WORK REQUEST:
The response must be the exact lines from the line holding "キーキーいう音がまたしました" through the end of the entries, with no pictures and nothing else.

Data excerpts:
Segment Open

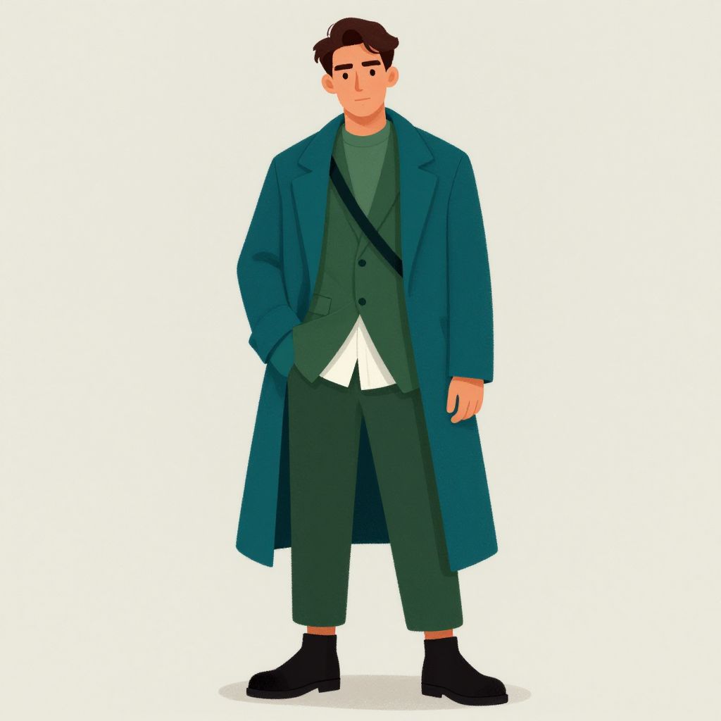 This is a digital illustration of a young man with fair skin and dark brown, wavy hair. He stands confidently against a plain white background. He wears a long, dark teal overcoat that reaches his knees, a dark green shirt with a black diagonal satchel crossing his chest, and dark green pants that are slightly cropped above the ankles. His shoes are black with visible white soles. His right hand is in his coat pocket, and his left arm hangs naturally by his side. The style is clean and modern, with bold colors and simple, smooth lines.
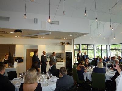 ウエルカムドリンクで会場が和んだ後、FA社の創業者であるAnders Pedersen氏の祝辞でパーティーはスタートしました。その後のHI社CEOのRoger
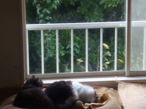 キーキーいう音がまたしました。うめにしては大きい!タイガーさんだ。家でお昼寝だそうです。福が寝ているので、福から見えない所を選んで寝ています。ガラス戸をキーキーやると良い、と言うのはうめはタイガーさんから教わったのね(笑)。
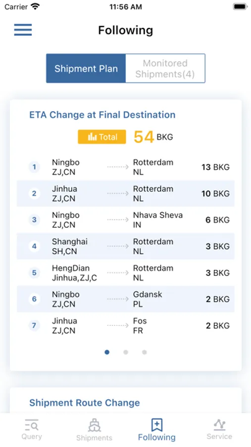 》Timely obtain the change information of shipment transportation ,such as shipment route change and ETA FND change
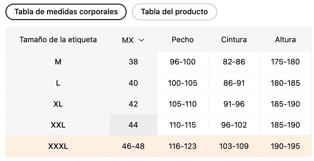 Tamaño de la etiqueta | MX | Pecho | Cintura | Altura |

Segment Closed

OUTPUT:
 キーキーいう音がまたしました。うめにしては大きい!タイガーさんだ。家でお昼寝だそうです。福が寝ているので、福から見えない所を選んで寝ています。ガラス戸をキーキーやると良い、と言うのはうめはタイガーさんから教わったのね(笑)。
 》Timely obtain the change information of shipment transportation ,such as shipment route change and ETA FND change
 Tamaño de la etiqueta | MX | Pecho | Cintura | Altura |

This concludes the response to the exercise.